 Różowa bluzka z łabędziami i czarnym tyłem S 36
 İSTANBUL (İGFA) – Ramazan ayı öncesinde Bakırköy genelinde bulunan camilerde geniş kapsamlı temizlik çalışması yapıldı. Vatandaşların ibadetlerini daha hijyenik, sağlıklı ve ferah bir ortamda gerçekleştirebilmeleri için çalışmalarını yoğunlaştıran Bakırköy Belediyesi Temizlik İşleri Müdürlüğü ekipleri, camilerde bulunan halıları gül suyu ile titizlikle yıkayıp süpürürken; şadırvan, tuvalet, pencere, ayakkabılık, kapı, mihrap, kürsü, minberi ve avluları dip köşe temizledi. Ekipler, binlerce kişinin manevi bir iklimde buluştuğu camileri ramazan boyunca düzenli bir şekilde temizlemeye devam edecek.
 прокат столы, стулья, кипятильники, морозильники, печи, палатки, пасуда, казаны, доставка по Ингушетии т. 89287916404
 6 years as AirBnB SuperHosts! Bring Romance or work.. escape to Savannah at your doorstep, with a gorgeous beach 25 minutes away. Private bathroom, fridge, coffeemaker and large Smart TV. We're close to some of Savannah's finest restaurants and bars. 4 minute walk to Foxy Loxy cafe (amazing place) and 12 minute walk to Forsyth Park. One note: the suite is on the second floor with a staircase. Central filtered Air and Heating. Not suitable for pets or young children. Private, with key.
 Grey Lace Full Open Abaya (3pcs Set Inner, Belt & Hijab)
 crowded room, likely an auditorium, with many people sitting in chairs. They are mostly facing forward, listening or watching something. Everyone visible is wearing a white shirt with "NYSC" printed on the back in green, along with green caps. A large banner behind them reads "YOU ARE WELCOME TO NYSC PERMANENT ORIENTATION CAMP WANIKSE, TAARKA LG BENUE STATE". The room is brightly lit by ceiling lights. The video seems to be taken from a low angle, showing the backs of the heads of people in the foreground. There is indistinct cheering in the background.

.....

Once you reach the line containing "6 years as AirBnB", transcribe it and each line after it through the end of the material, exactly and with nothing added.

 6 years as AirBnB SuperHosts! Bring Romance or work.. escape to Savannah at your doorstep, with a gorgeous beach 25 minutes away. Private bathroom, fridge, coffeemaker and large Smart TV. We're close to some of Savannah's finest restaurants and bars. 4 minute walk to Foxy Loxy cafe (amazing place) and 12 minute walk to Forsyth Park. One note: the suite is on the second floor with a staircase. Central filtered Air and Heating. Not suitable for pets or young children. Private, with key.
 Grey Lace Full Open Abaya (3pcs Set Inner, Belt & Hijab)
 crowded room, likely an auditorium, with many people sitting in chairs. They are mostly facing forward, listening or watching something. Everyone visible is wearing a white shirt with "NYSC" printed on the back in green, along with green caps. A large banner behind them reads "YOU ARE WELCOME TO NYSC PERMANENT ORIENTATION CAMP WANIKSE, TAARKA LG BENUE STATE". The room is brightly lit by ceiling lights. The video seems to be taken from a low angle, showing the backs of the heads of people in the foreground. There is indistinct cheering in the background.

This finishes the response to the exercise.